__INFORMATION SHOWN__:
::::::::::
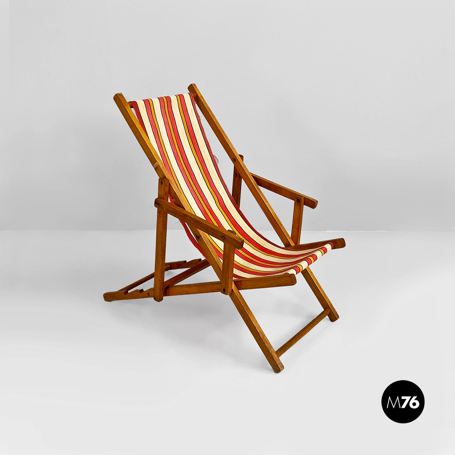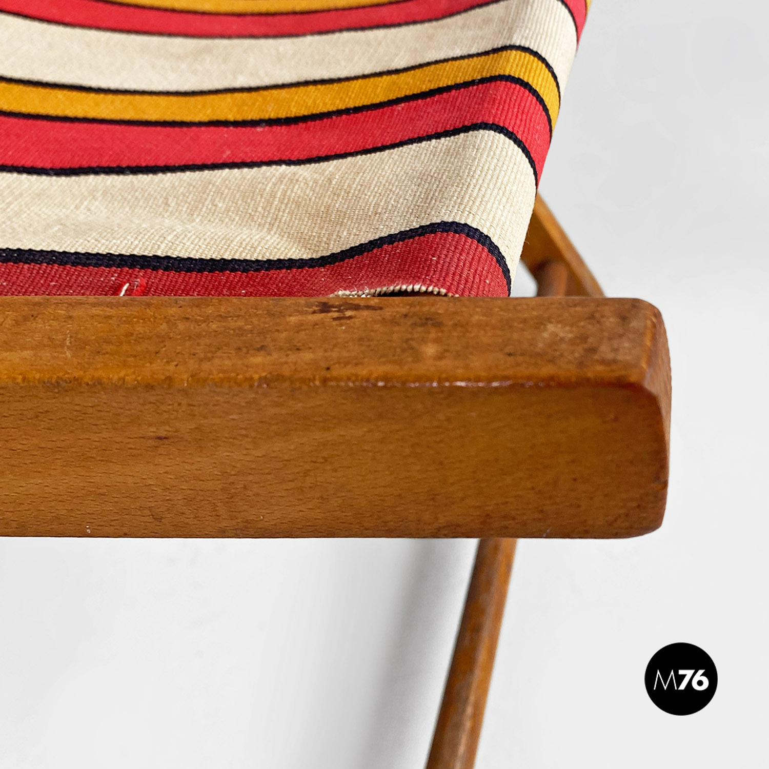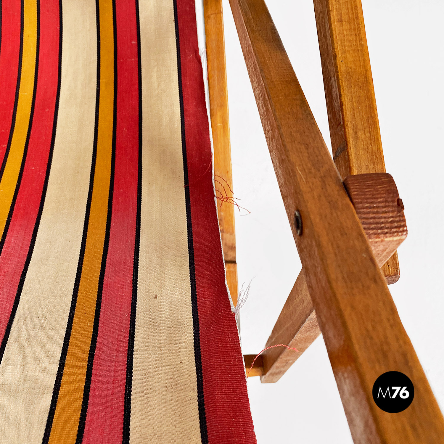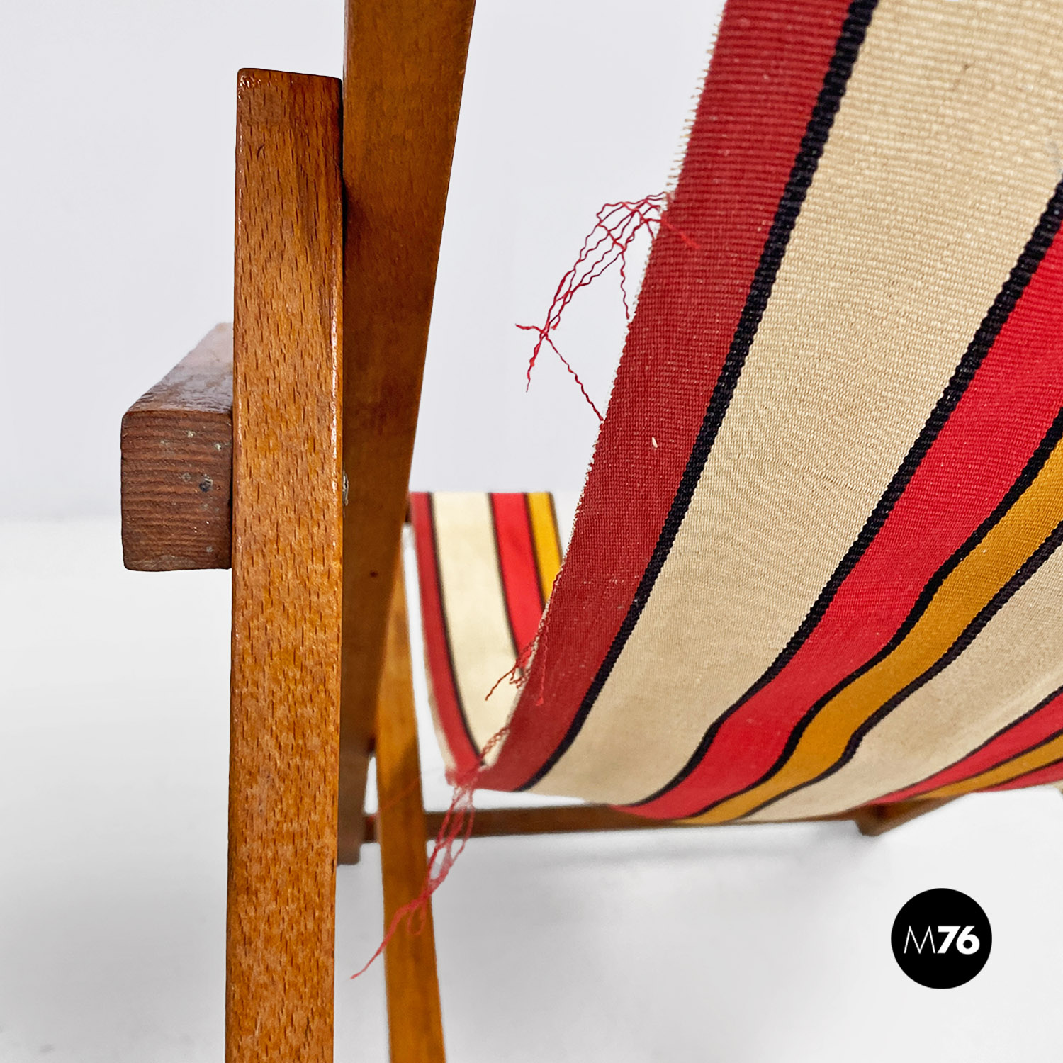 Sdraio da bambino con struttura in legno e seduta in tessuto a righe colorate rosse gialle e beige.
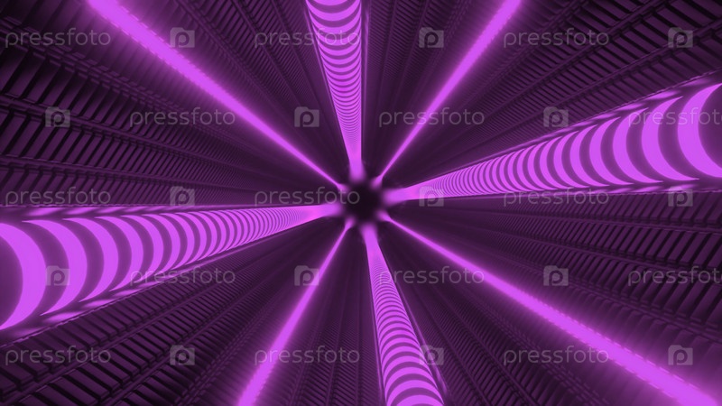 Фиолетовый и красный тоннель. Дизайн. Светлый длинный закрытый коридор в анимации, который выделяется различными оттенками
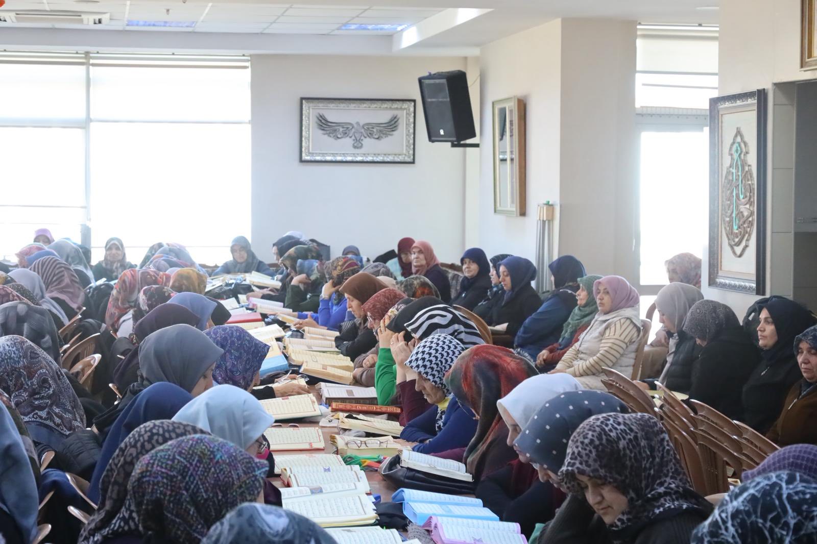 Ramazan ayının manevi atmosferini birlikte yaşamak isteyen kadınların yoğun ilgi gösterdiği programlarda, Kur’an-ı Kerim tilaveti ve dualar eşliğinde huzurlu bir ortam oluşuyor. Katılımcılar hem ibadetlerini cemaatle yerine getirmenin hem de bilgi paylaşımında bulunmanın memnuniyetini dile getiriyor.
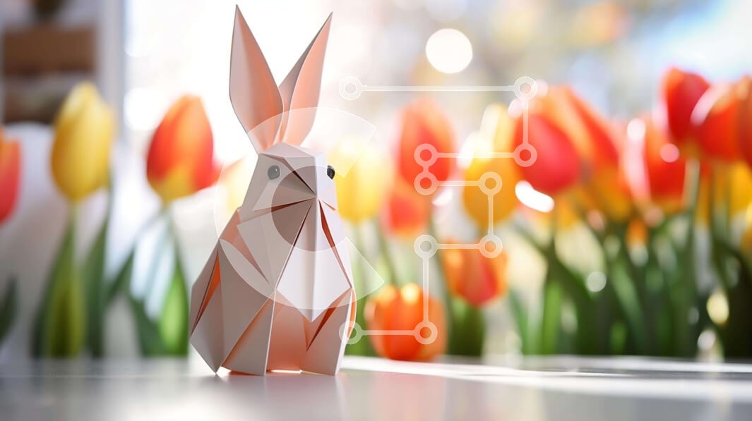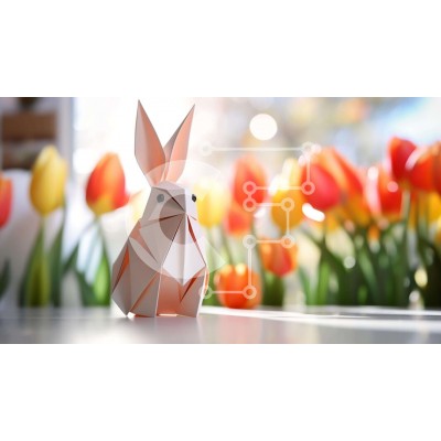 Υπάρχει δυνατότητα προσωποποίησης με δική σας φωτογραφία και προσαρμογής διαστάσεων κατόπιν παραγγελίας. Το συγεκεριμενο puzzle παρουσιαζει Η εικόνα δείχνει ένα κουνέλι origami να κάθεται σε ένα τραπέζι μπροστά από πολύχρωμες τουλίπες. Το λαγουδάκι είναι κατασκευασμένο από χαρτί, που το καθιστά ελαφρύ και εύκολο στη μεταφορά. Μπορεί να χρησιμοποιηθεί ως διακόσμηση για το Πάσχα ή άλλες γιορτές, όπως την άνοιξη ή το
::::::::::
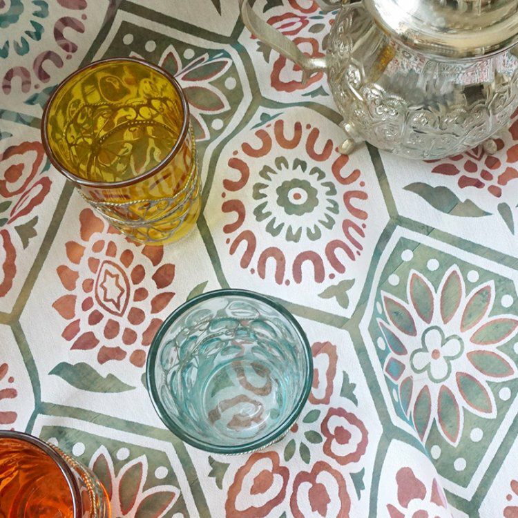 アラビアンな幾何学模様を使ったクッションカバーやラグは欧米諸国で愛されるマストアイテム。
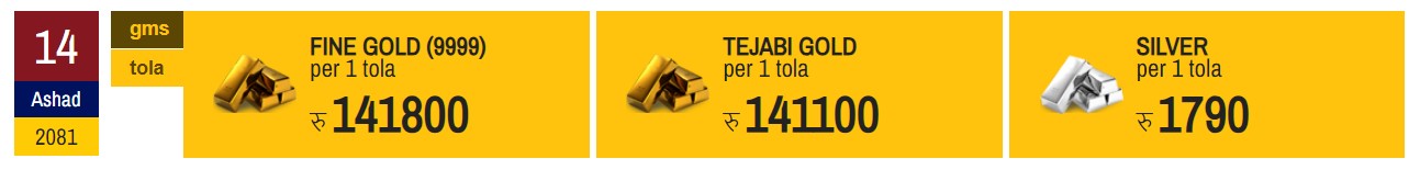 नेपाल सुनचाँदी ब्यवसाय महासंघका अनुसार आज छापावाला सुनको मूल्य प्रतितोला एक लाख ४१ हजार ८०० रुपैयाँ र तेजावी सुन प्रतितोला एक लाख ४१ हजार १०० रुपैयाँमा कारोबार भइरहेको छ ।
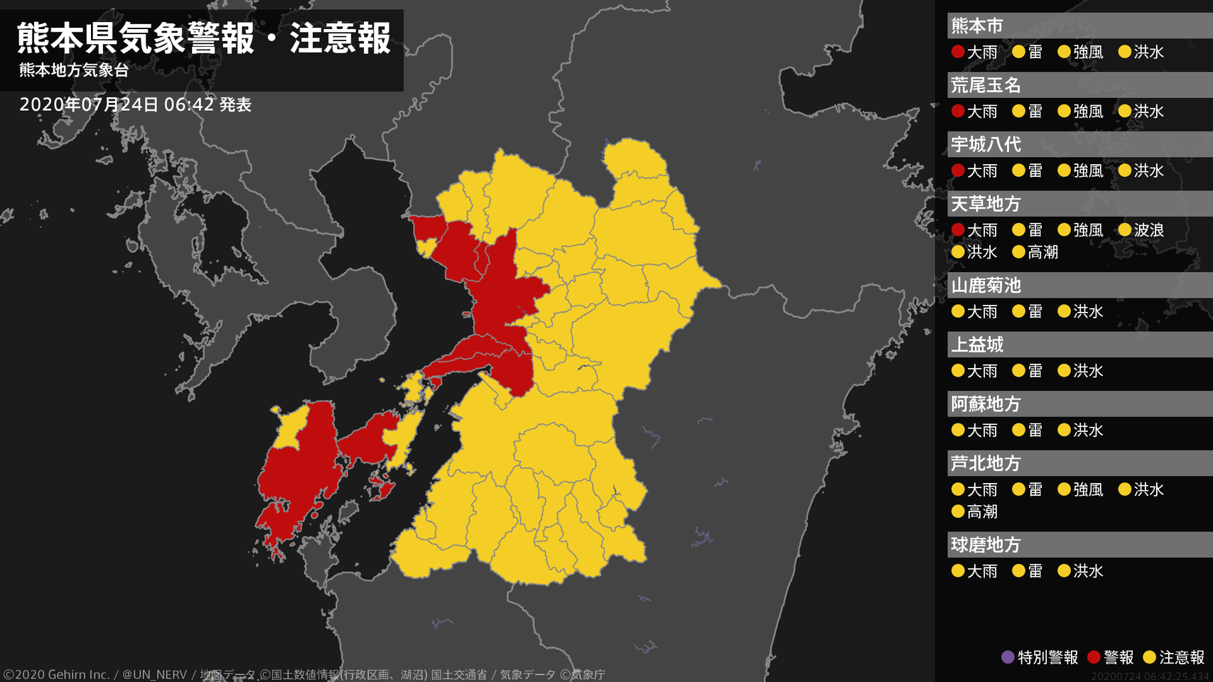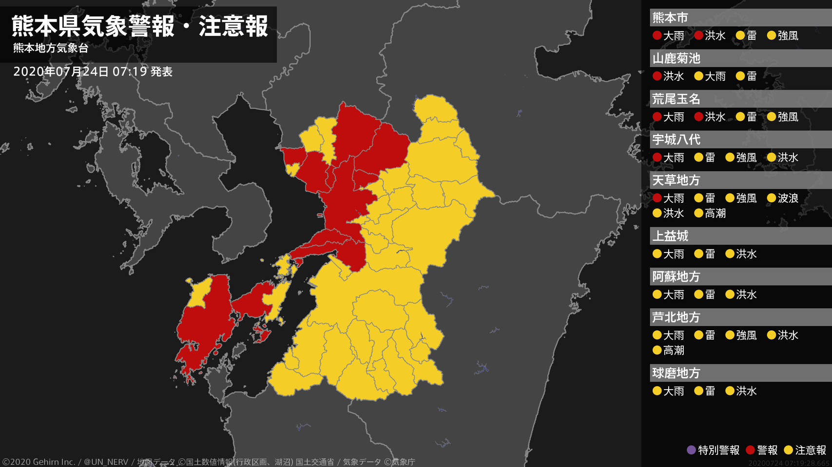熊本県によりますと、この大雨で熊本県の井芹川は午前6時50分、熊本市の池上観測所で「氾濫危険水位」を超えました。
::::::::::
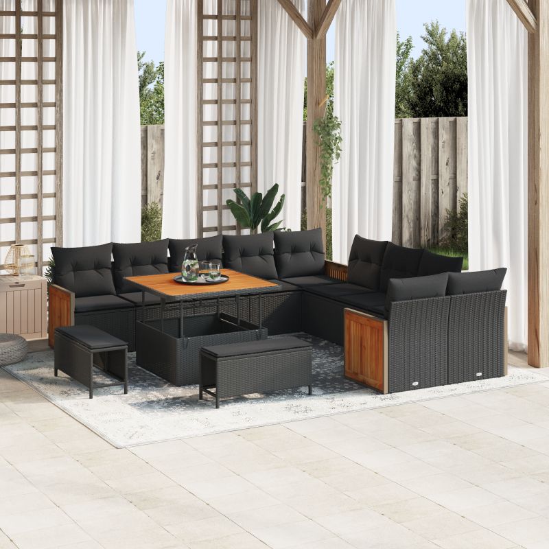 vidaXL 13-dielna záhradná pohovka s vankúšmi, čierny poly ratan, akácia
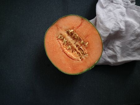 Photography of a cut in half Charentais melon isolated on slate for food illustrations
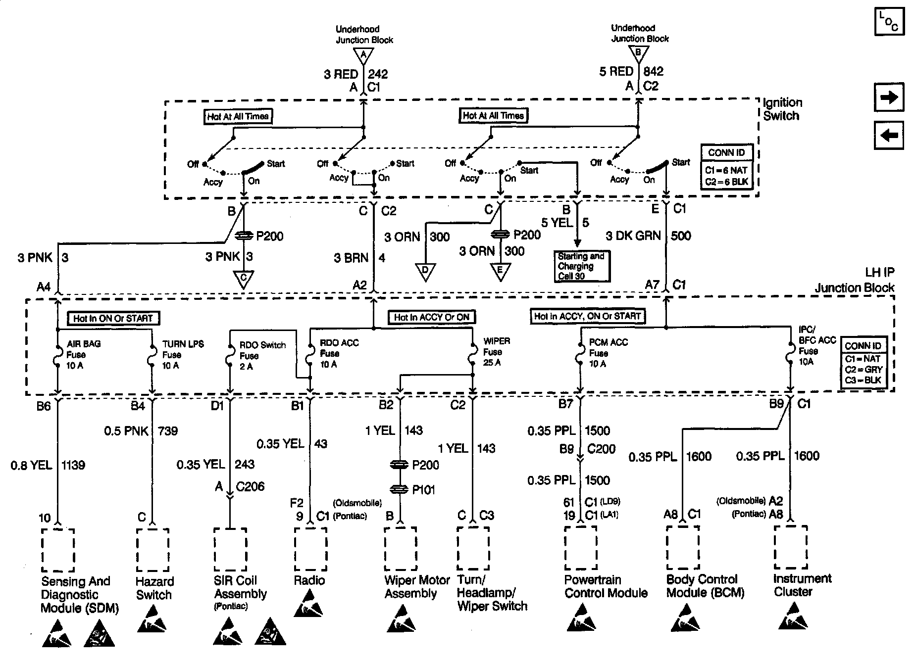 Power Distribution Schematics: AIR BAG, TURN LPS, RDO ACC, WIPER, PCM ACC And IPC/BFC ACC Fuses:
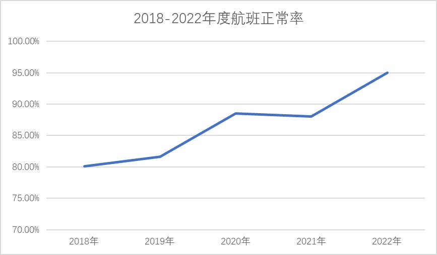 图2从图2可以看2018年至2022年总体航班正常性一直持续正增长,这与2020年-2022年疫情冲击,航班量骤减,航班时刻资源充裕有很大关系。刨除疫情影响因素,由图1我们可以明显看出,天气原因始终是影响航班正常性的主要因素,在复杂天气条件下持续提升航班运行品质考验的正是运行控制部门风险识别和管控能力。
::::::::::
__ACTIVITY__:
No picture is to be printed. Output exactly the lines above from the line containing "vidaXL 13-dielna záhradná" through the line containing "图2从图2可以看2018年至".

__EXERCISE SOLUTION__:
 vidaXL 13-dielna záhradná pohovka s vankúšmi, čierny poly ratan, akácia
 Photography of a cut in half Charentais melon isolated on slate for food illustrations
 Power Distribution Schematics: AIR BAG, TURN LPS, RDO ACC, WIPER, PCM ACC And IPC/BFC ACC Fuses:
 图2从图2可以看2018年至2022年总体航班正常性一直持续正增长,这与2020年-2022年疫情冲击,航班量骤减,航班时刻资源充裕有很大关系。刨除疫情影响因素,由图1我们可以明显看出,天气原因始终是影响航班正常性的主要因素,在复杂天气条件下持续提升航班运行品质考验的正是运行控制部门风险识别和管控能力。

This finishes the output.